И все же, несмотря на продолжающуюся переписку, прежние, глубоко доверительные отношения, как ни прилагали к тому усилия писатель и художник, больше не могли восстановиться.
Истины ради скажем, в 1856 году, сообщая Погодину или Ковалевскому по случаю предпринятого издания писем Гоголя последнее письмо писателя к нему в копии, он прибавляет: «Не думайте, чтобы я не дорожил оригинальностью и других писем важнейшего из людей, каких я встречал в жизни, но копировать такое множество писем совсем не имею времени».
Впрочем, не упустим из виду и слов, сказанных С. А. Ивановым после кончины брата В. В. Стасову:
«Брат никогда не был одних мыслей с Гоголем, он с ним внутренне никогда не соглашался, но в тоже время никогда с ним и не спорил, избегая по возможности неприятные и, скажем откровенно, даже дерзкие ответы Гоголя, на которые Гоголь со своей гордостію не был скуп. Вспомните только то, что Гоголь все более и более впадал в биготство[108], а брат напротив все более и более освобождался и от того немногого, что нам прививает воспитание».
Глава семнадцатая
В июне 1847 года, гостя в Неаполе у Апраксиных, Иванов дописывал «Мысли, приходящие при чтении Библии» — свод своих заветных мыслей.
Рожденные обстоятельствами как личного, так и общественного свойства, они отражали напряженное духовное состояние, переживаемое им.
Иванов был влюблен. Влюблен в графиню Марию Владимировну Апраксину, и ему, кажется, отвечали взаимностью.
Молодая аристократка, в роду которой древняя грузинская кровь (она была потомком царя Вахтанга VI) сочеталась с не менее древними — русских князей Голицыных, графов Апраксиных, Толстых, заняла его воображение.

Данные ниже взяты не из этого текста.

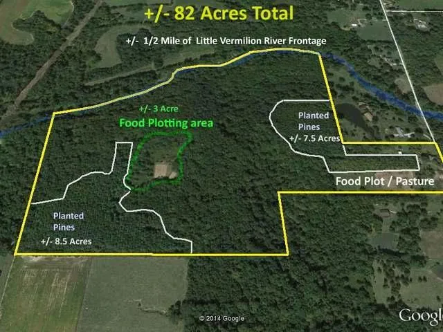 +/- 82 Acres with River Frontage and 3,000 sq ft home Vermilion County, IL Located just east of Georgetown, IL; 45 minutes east of Champaign, IL; 2.5 hours south of downtown Chicago; 1.5 hours west of Indianapolis, IN. +/- 82 acres in total +/- 3000 sq ft, 1.5 story home with 5 bedrooms, 3.5 bath, 2 car attached garage. Home is selling in as is condition. +/- 78 acres, heavily wooded +/- 4 acre pasture and open sided shed for livestock Half mile of Little Vermilion River Frontage +/- 3 acre established food plotting area +/- 16 acres of mature planted pines Internal trail system suitable for ATV's

«Молодая дева, — писал он в записной книжке, — знатная происхождением соотечественница, прелестная, добрая душою, полюбила меня горячо, простила мне недостатки и уверила меня в постоянстве. Если я не отвечу на все это святостью моей жизни, без сомнения буду подлец из подлецов…»
Мысль о женитьбе не покидала его последние годы. Не тому ли свидетельство написанная в 1843 году одна из лучших его акварельных работ «Вирсавия». В образе библейской замужней красавицы, соблазненной Давидом, угадывалось что-то личное.
Недаром Ф. Моллеру, отчаявшемуся после кончины его возлюбленной Амалии, он советовал удалиться в Субиако и, обзаведясь Библией, углубиться в чтение страниц, посвященных Вирсавии.
«Вряд ли случайно, что теме Вирсавии художник посвятил страницы не в своих альбомах с рисунками, а в записной книжке, содержащей самые интимные записи», — замечает М. Алпатов[109].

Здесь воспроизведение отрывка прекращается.